Task requirements | Go through the data and copy every line exactly, but not the images.

Provided data |
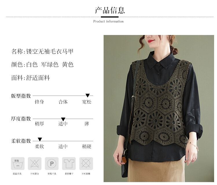 ニットサスペンダーベスト女性 2022 春と夏ルーズでスリムな中空かぎ針編みノースリーブ大きいサイズアウターベストトップ 大きめサイズ スプリング 春物 サマー 夏物 sine93742633682
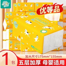 山丘全新布感加厚5层抽取式餐巾纸家用软包面巾纸竹浆本色抽纸
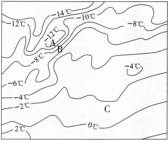 填图·绘图 ①略。 ②-12 ℃等温线(闭合)内侧的区域。 从左到右,从上到下:海拔 气温 盆地(或洼地) 低温 陡 大 缓 小
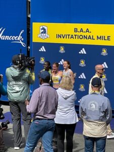 SATURDAY 4/15: Following the morning’s 5K road race, there were terrific line-ups for the street mile runs. The grandstands were packed, and the weather was perfect. Such excitement!

Written reply |
 ニットサスペンダーベスト女性 2022 春と夏ルーズでスリムな中空かぎ針編みノースリーブ大きいサイズアウターベストトップ 大きめサイズ スプリング 春物 サマー 夏物 sine93742633682
 山丘全新布感加厚5层抽取式餐巾纸家用软包面巾纸竹浆本色抽纸
 填图·绘图 ①略。 ②-12 ℃等温线(闭合)内侧的区域。 从左到右,从上到下:海拔 气温 盆地(或洼地) 低温 陡 大 缓 小
 SATURDAY 4/15: Following the morning’s 5K road race, there were terrific line-ups for the street mile runs. The grandstands were packed, and the weather was perfect. Such excitement!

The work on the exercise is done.